He states: "Peel the cucumber whether it's organic or not because you can't adjust the peel. It is tough cellulose. Take a vegetarian animal to do it."
He extends this peeling requirement to other waxed produce: "I will even peel a zucchini because they put petroleum wax on it. 20 years ago it was 5% they were allowed, now it's all the way up to 15%. The FDA is killing us, not protecting us. That's on organic, 15% on organic. So you have to be careful." He lists apples, pears, zucchini, and other squash as also requiring peeling.
The Wax Problem, Identifying Contamination
Aajonus gives specific instructions for identifying whether a cucumber has been waxed:
- If the cucumber is shiny, it has been waxed. He states: "You peel them... all of them you have to peel nowadays. They're all coated even if they're organic unless you see that they're not shiny at all and they've got a dull finish on them. Then you'll know they haven't been sprayed."
- He provides a tactile test: "You can take a flat knife, and you can peel, you can scrape the wax. If the wax dissolves in your finger, it's natural. If it does not, if it turns into a waxy, oily substance or thick substance that doesn't dissolve, it is a manufactured wax."
- He notes that non-organic commercial cucumbers are noticeably slick to the touch in the store: "Pretty slimy. Because I know on the non-organic, you can."
The Organic Label is Unreliable
Aajonus is emphatic that the certified organic label provides no protection against petroleum wax contamination. He states: "With the laws that the FDA has screwed us with on organic, nothing is truly organic. If you get organic cucumbers and they've been waxed, they've been waxed with 15% petroleum wax." He confirms this was documented: "Somebody didn't believe me, and they would have looked on the box. There it was, petroleum wax."
He states that "90% of even the organics are now sprayed."

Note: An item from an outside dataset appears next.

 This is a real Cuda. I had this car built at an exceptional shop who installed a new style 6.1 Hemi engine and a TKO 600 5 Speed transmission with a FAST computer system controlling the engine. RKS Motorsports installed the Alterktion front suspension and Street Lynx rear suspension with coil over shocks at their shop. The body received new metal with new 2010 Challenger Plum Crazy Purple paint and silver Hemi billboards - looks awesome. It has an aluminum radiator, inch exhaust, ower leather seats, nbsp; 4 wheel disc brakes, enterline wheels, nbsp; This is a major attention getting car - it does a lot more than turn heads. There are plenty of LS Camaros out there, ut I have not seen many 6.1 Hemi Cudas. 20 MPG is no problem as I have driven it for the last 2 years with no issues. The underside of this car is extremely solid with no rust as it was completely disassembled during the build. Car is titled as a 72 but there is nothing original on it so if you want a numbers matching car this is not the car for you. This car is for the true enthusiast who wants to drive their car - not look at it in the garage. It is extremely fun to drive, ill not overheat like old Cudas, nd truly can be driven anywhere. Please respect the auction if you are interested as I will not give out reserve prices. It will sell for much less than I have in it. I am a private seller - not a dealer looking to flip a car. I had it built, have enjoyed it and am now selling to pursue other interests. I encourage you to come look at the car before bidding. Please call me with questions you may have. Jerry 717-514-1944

He also notes: "Even if they're organic unless you see that they're not shiny at all." He says at another point: "They allow 17% toxic substances including petroleum wax on organic foods."
The One Exception: Home-Grown Cucumbers
The only situation in which Aajonus permits leaving the peel on, and even then only for the purpose of running it through the juicer to extract peel nutrients, is when the cucumber was grown by the person themselves. He states: "If you grow the cucumbers yourself and the fruit yourself, of course you don't have to peel them." In this case, he says the peels can be run through the juicer alongside the other vegetables to extract vitamin D, vitamin E, and other peel nutrients.
He adds: "But you're not going to digest the peels if you want to get nutrients out of the peels as much as possible, you juice your peels with your vegetables. Then you'll get a lot of nutrients from those peels. You cannot break them down unless you want to chew them for an hour like a cow does."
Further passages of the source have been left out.